In vitro contracture testing (IVCT) exposes biopsied muscle to caffeine and halothane and tests for contracture. False-positive results can be as high as 15–20% under the North American Malignant Hyperthermia Registry protocol; 6–7% with the European protocol. False-negative results are believed to be very low. IVCT testing is limited by the cost of maintaining the relatively few centers that can perform this form of complex testing, as well as the invasive nature of the test.
An alternative to IVCT is molecular screening for genetic mutations known to produce susceptibility to MH. Although genes encoding for RYR1 proteins (located on chromosome 19) and DHPR proteins (located on chromosomes 1, 7, and 17) are most commonly implicated, there exists considerable heterogeneity in the genetic loci and linkage sites across known susceptible family lines. It must be emphasized that a negative mutation screen does NOT exclude MH susceptibility. Incomplete penetrance and variable phenotypic expression of MH raise the potential for a multi-genic predisposition towards MH susceptibility, with possible epigenetic influences leading to a relatively common final pathway.
References⬆⬇
AllenGC, LarachMG, KunselmanAR.The sensitivity and specificity of the caffeine-halothane contracture test: A report from the North American Malignant Hyperthermia Registry. Anesthesiology. 1998;88(3):579–588.
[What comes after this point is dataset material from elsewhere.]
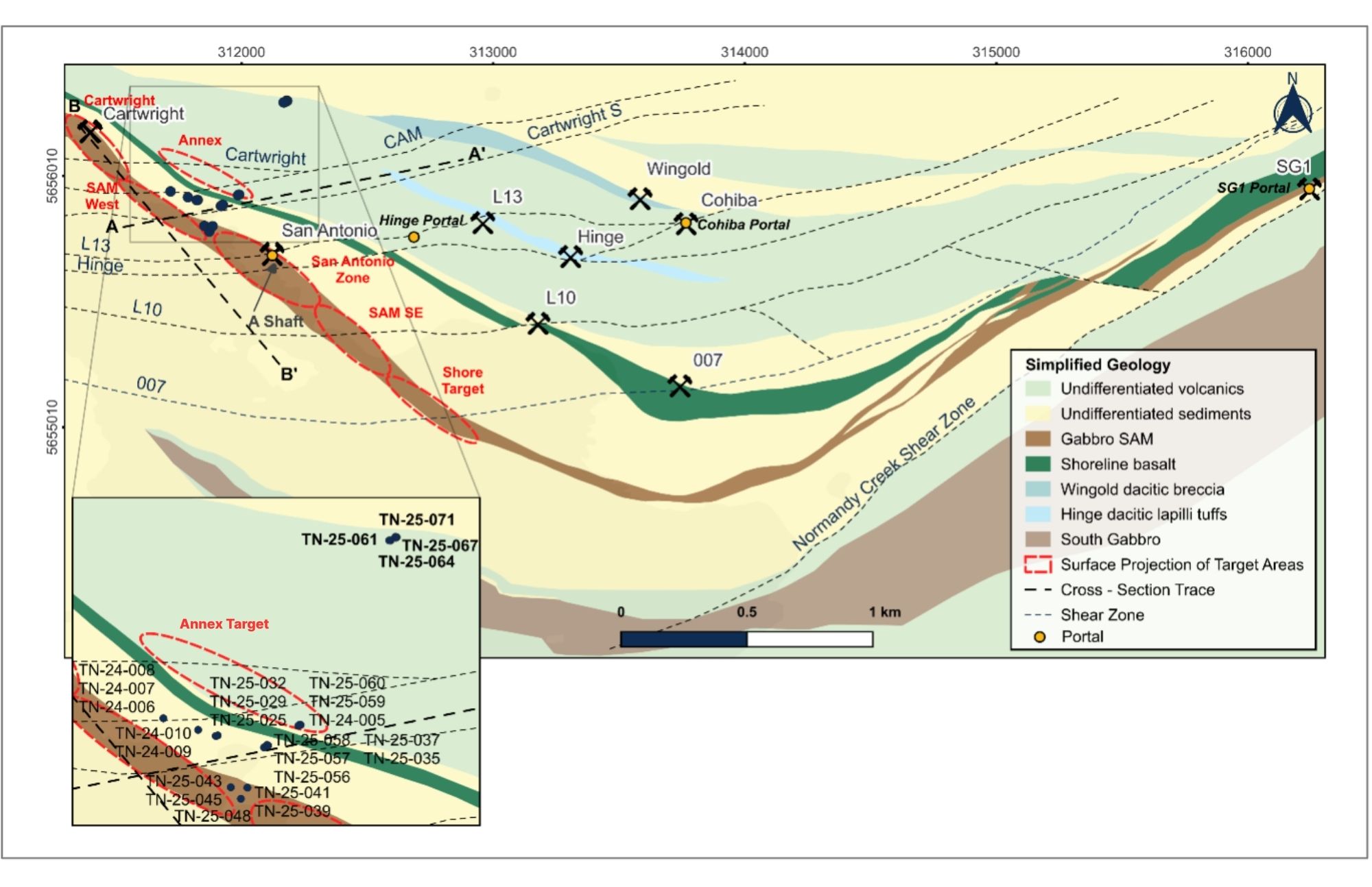 - TN-25-061: Intersected 10.00 g/t Au over 0.50 m (at 247.80 m) and 8.75 g/t Au over 2.60 m (at 294.00 m), including 18.00 g/t Au over 1.00 m

BrandomBW.Ambulatory surgery and malignant hyperthermia. Curr Opin Anaesthesiol. 2009: 22(6):744–747.
GlahnKPE, EllisFR, HalsallPJ, et al. Recognizing and managing a malignant hyperthermia crisis: Guidelines from the European Malignant Hyperthermia Group. Br J Anaesth. 2010; 105(4):417–420.
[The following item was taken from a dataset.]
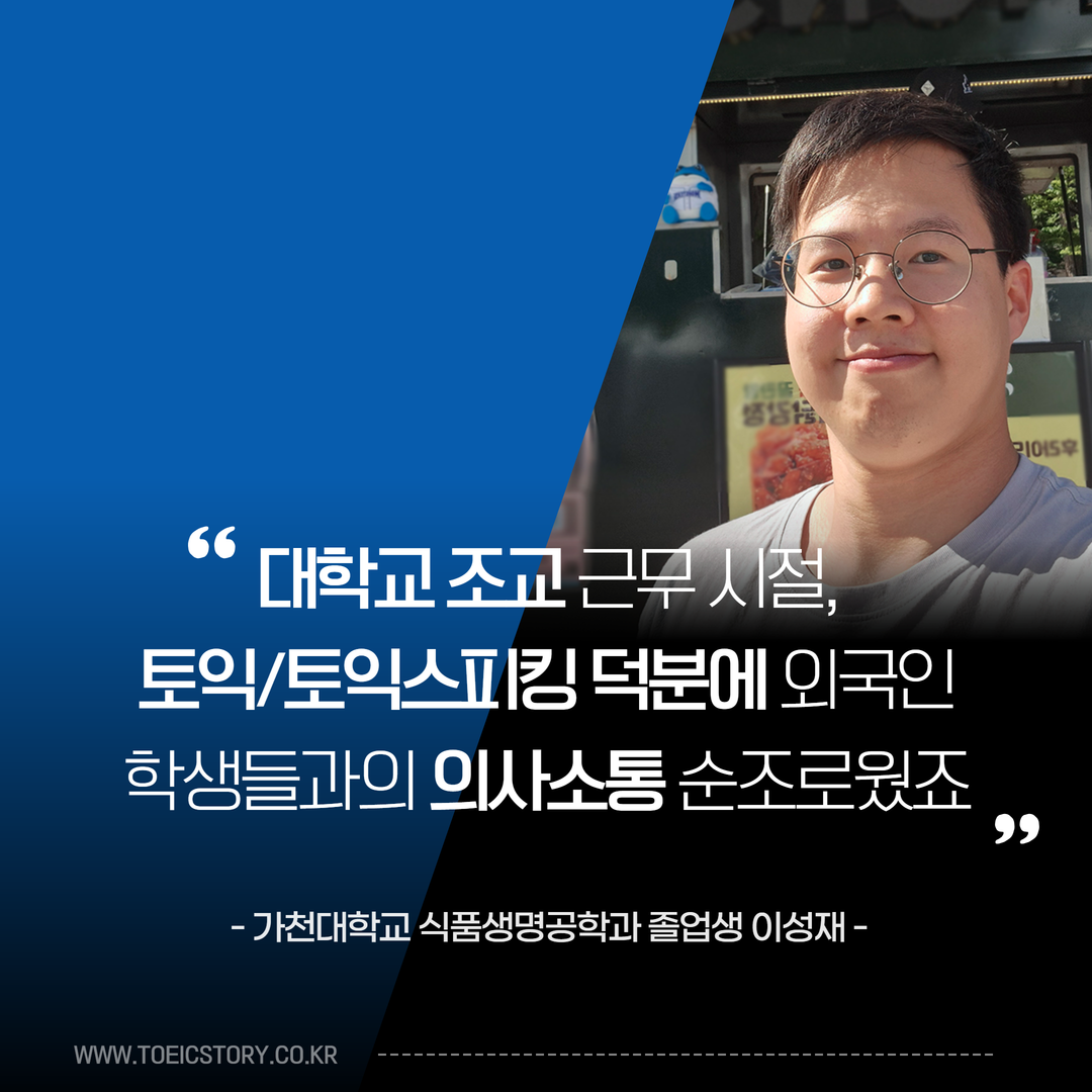 안녕하세요! 가천대학교 식품생명공학과를 졸업한 이성재입니다. 대학 재학 중부터 토익과 토익스피킹을 꾸준히 준비해 왔고, 졸업 후에도 취업을 목표로 응시했습니다. 현재 졸업한 대학에서 2년간 학사 조교로서 근무를 마치고 다시 취업 준비 중입니다.

PratherStrazis K, FoxAW.Malignant hyperthermia: A review of published cases. Anesth Analg. 1993;77(2):297–304.
WapplerF.Anesthesia for patients with a history of malignant hyperthermia. Curr Opin Anaesthesiol. 2010;23(3):417–422.
T88.3XXA Malignant hyperthermia due to anesthesia, initial encounter
Clinical Pearls⬆⬇
Diagnosis: Initially normal CK levels do NOT exclude MH. CK levels typically peak 8–12 hours following muscle injury and will slowly decline with successful treatment. If an MH episode has been promptly diagnosed and treated, the rise in CK level may be unimpressive.
Adverse drug reaction: Verapamil and/or diltiazem should NOT be used during treatment with dantrolene; hyperkalemia, myocardial depression, and cardiac arrest may result.
Monitoring: Hyperkalemia may also appear after hypermetabolism has been controlled. The authors recommend checking serum potassium levels 1 and 2 hours after initiating dantrolene therapy, and then every 8 hours for 24 hours, or as clinically indicated by ECG signs or evidence of recrudescence.